よっこいしょ、と使い物にならないモンドに肩を貸しながら起こしてみると、かなりの重量だ。筋弛緩剤というのは本当らしい。
「おーい、武器化、できる?」
返事がない。まるで屍のようだ。
武器化もできなくなるとは。背負って帰るの大変だこれは。と思いつつポイとモンドを地面に返すと、私は改めて怪盗に目を向けた。
「…どうする?私の連れが回復するまで貴方と遊んであげてもいいけど。」
「…そこは状況的に私の方が有利なはずなんですがね…。
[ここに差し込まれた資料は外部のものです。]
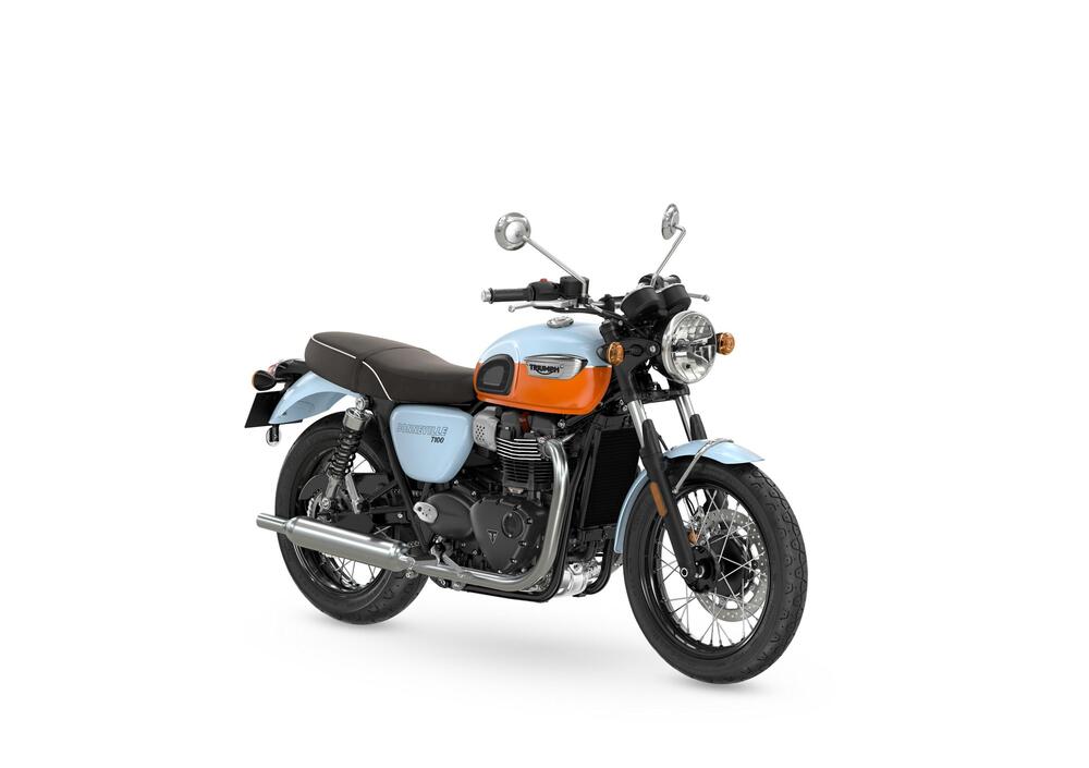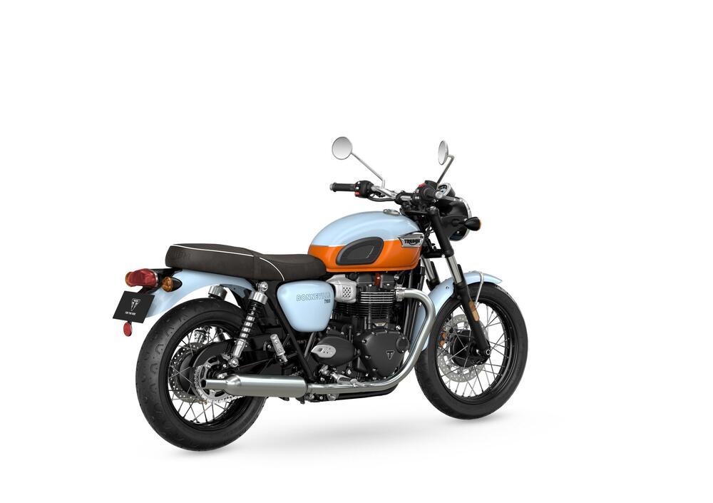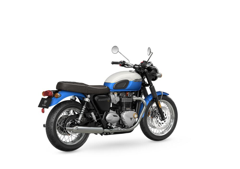 La Bonneville T120 mantiene il classico Jet Black e il sofisticato Cordovan Red e Silver Ice, mentre si aggiunge il nuovo Aegean Blue e Fusion White con dettagli dorati del serbatoio rifiniti a mano, mentre la Bonneville T120 Black verrà offerta nella variante Jet Black e nella colorazione Sapphire Black e Matt Sapphire Black, con serbatoio dalla grafica sdoppiata e dettagli in argento del serbatoio rifiniti a mano.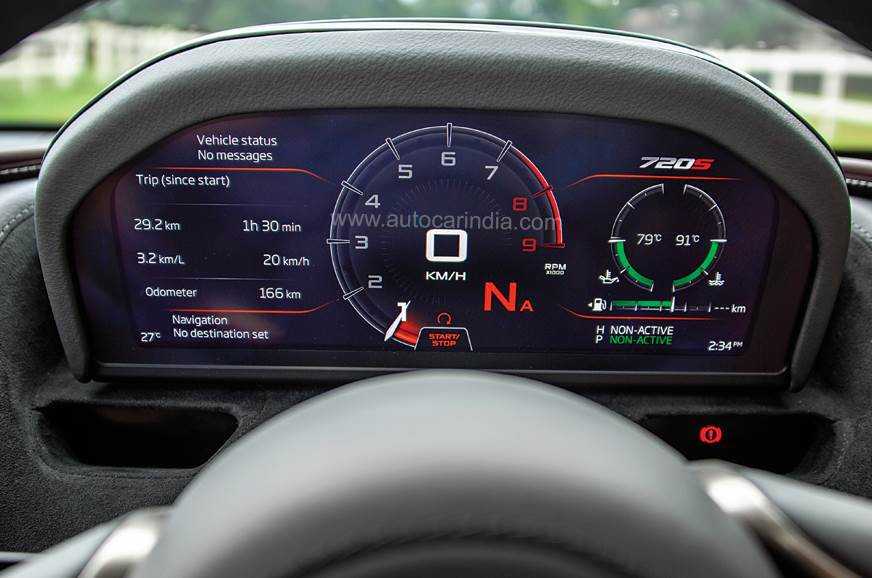And speaking of buttons, McLaren doesn’t have a single one on the steering wheel, quite the opposite of Ferrari. It uses conventional stalks to operate the lights, wipers, and indicators, while the driving modes can be selected via two chunky knobs (one for the engine and one for the chassis settings) on the centre console. The slim centre console gets a portrait-oriented touchscreen which gets narrower towards the bottom where the D, N and R buttons are located.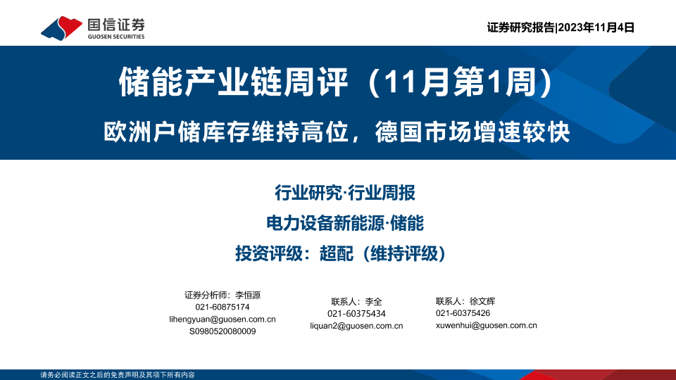 【国信证券】【20231104】储能产业链周评(11月第1周):欧洲户储库存维持高位,德国市场增速较快-26页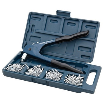 セット内容: ハンドリベット、リベット(リベット径:3.2×8mm、板厚:2.5~3.5mm)×50本、リベット(リベット径:4×10mm、板厚:5.5~7.5mm)×60本、リベット(リベット径:4.8×10mm、板厚:5.5~7.5mm)×20本。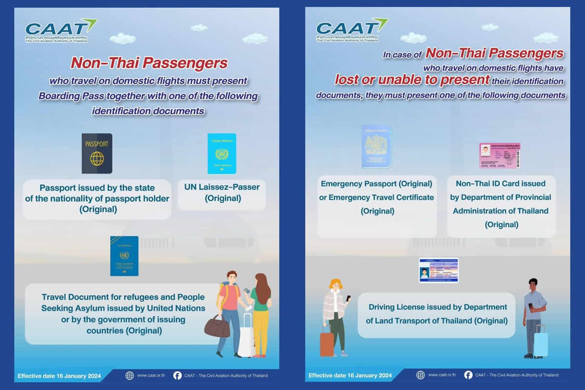 タイ国政府観光庁 (TAT) は、タイ国内線を利用するタイ人以外の乗客に対し、タイ民間航空局が発表した搭乗券と本人確認プロセスに関する規則に従う必要があることを通知しています。2024年1月16日から発効になります。
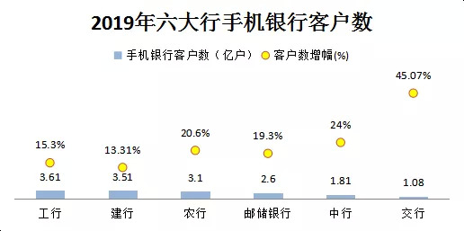 交行手机银行运营提速最快。2018年底,交行公布的手机银行注册量为7414万户,年交易量为11万亿,手机银行交易笔数3.70亿笔。2019年,交通银行年报披露手机银行客户数较上年末增长45.07%,增幅最高;交易笔数、交易金额同比分别增长30.27%、18.45%。月活跃客户(MAU)达 2,218.24万户,较年初增长36.44%。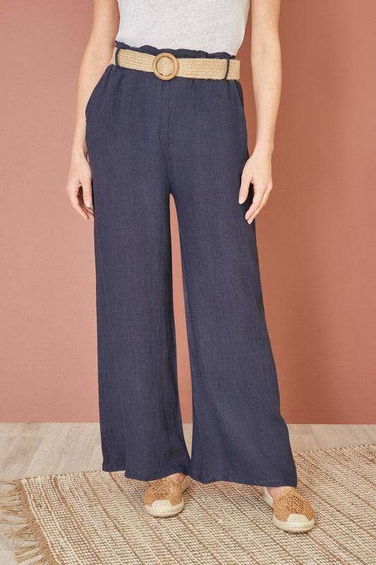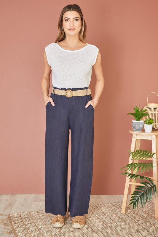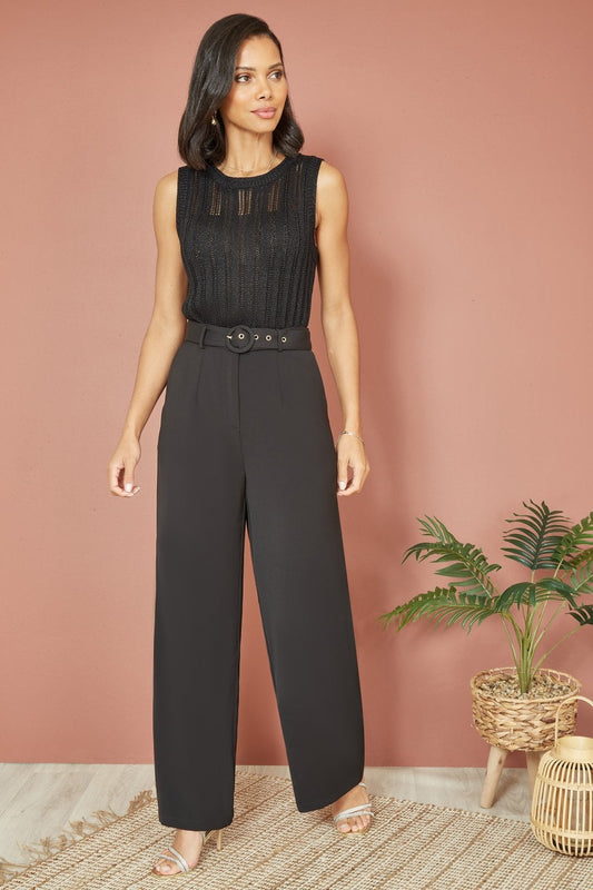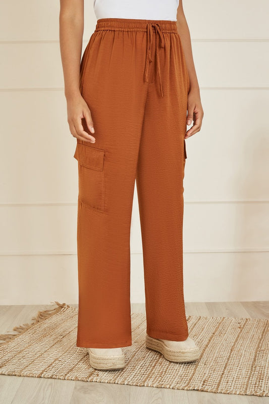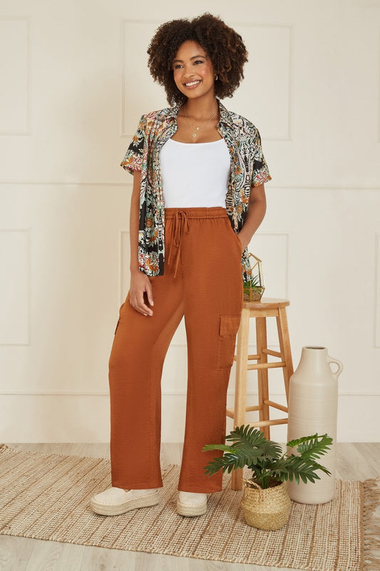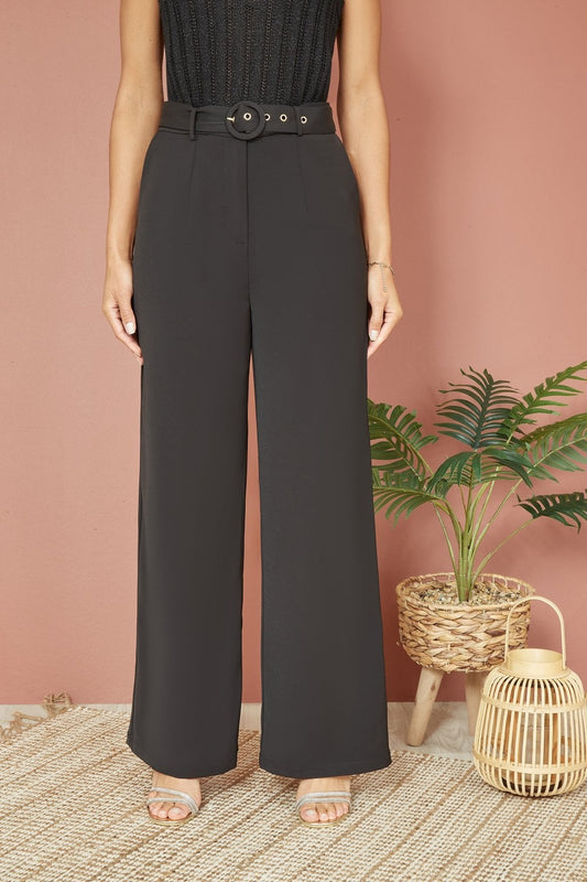 Yumi – Braune Hose mit weitem Bein und Schnallendetail vorne

貴女は私が思っていたよりもずっと強気なようだ。」
そう言いつつ私に払い落されたトランプ銃を拾い直した時は一瞬ギョッとしたが、彼はそれを素直にスーツの中に仕舞い込む。
「今回は手を引きましょう。貴女がこのまま雨に打たれて身体が冷え切ってしまってもいけない。」
そう言いながら私の目前に差し出された手からは、ポンと鈴蘭があらわれ、思わず目を点にする。
「?」
「これは貴方に。またお会いしましょう。」
「できればもう会いたくない。」
私の声はギリギリ聞こえなかっただろう。
白煙に包まれながら姿を消した怪盗の気配は早くも遠くに行っていた。